I dunno about RT, talking strictly raster performance. I think 12TF Navi next year will be comfortably ahead 2080, let alone 2060.
I'd hope that we see better than 2060 performance but it's important to remember that nVidia's 2060 Super is a 7TF part that's essentially on par (usually within 10%) with AMD's 5700XT, a 9.5TF part. Assuming we aren't getting a radical performance uplift per flop with RDNA2, I think a 12TF part would achieve closer to a 2070 Super than anything else, maybe matching the vanilla 2080, but I wouldn't think it would be faster. But who knows, maybe AMD releases a massive GPU with 128 ROPs with embedded memory so it isn't bandwidth constrained.
 
Do you think this also applies to RT performance alone?
Thing is, even if they do 12TF console which makes sense having a cheaper base, AMD beating NV significantly with their first RT implementation just sounds optimistic to me.
But who knows... never underestimate AMD! :)

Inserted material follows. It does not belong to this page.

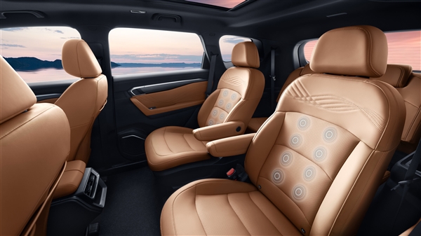 新款豪越L提供了5座和6座版本,其中6座版本配备了独立的第二排座椅,支持前后滑动和靠背调节,并且配备独立扶手,部分车型还提供通风、加热、按摩等功能,极大提升了后排乘客的舒适性。此外,除入门版外,其他版本还可以选装7座布局,第三排座椅支持纯平放倒,折叠后最大后备厢容积可达到2050升,实用性非常强。

Is it that optimistic? GCN was certainly far better than kepler and perhaps somewhat better than paxwell. Nvidia GPUs seem to have more “gotchas” that pop up and hamper performance in newer games. Compute in Kepler, concurrent graphics and compute as well as HDR in paxwell. Integer scaling only on Turing etc.
 
Is it that optimistic? GCN was certainly far better than kepler and perhaps somewhat better than paxwell. Nvidia GPUs seem to have more “gotchas” that pop up and hamper performance in newer games. Compute in Kepler, concurrent graphics and compute as well as HDR in paxwell. Integer scaling only on Turing etc.
Yeah. To me GCN was even five times faster than Kepler in compute. Just nobody talked about it, not even AMD themselves it seemed. When did you ever see a 5x lead over the competition? Never. And today all we hear is how much 'behind' AMD is.
To me GCN is the best GPU architecture ever made, and its drawn power translates to performance. I think AMD does big changes less often, but if they do there is a good chance they take the lead for some time.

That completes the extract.